So either aim for the distance capabilities of the Z4E or don't try, at least in my experiences.

Personally I like to keep the Z4E under 65 feet or so. The Z12E at 80+ struggles for me for people at night.
Thank you for that sir! I believe a Z4E will do the trick!
 
@camdensnyder
Note that @steve1225 is seeing European plates, which is like 50% cheating compared to US plates which are much harder. ;)

The 5442 Z4E doesnt read plates with OCR so they can't be searched via a database, it simply uses VMD to captured the vehicle and if you happen to have the camera positioned well, you can see the plate and visually identify them as in Steve's example.

Many of us do the same thing with 5241 Z12's and have for years. Like many I have dedicated cameras for LPR, the Z12 mostly. And while the ability for 5 series to "see" the plate is nice, I dont rely on it.

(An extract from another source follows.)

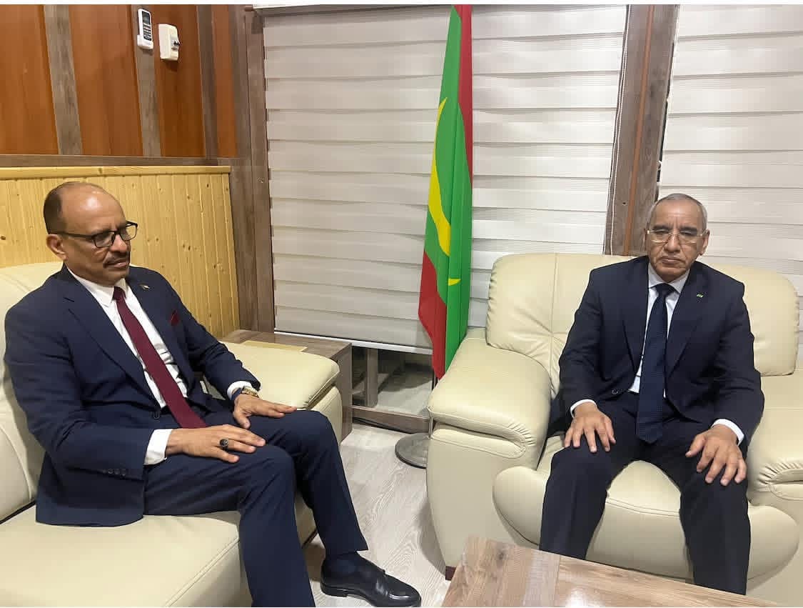 استقبل وزير الداخلية وترقية اللامركزية والتنمية المحلية، محمد أحمد ولد محمد الأمين، اليوم الثلاثاء بمقر الوزارة، القائم بالأعمال بالسفارة السودانية في موريتانيا، عبد الحميد بشرى إبراهيم.

Note about plates using VMD and a 5 series NVR
As mentioned, IF you have the proper focus you MAY be able to visually ID a lot of plates during daytime. But at night, you'll be faced with the plates being blown out due to the far different setting requirements needed to capture plates at night. If you tune your nighttime settings to be able to see the plates, you wont be able to generally see anything else as everything but the plate will be almost black.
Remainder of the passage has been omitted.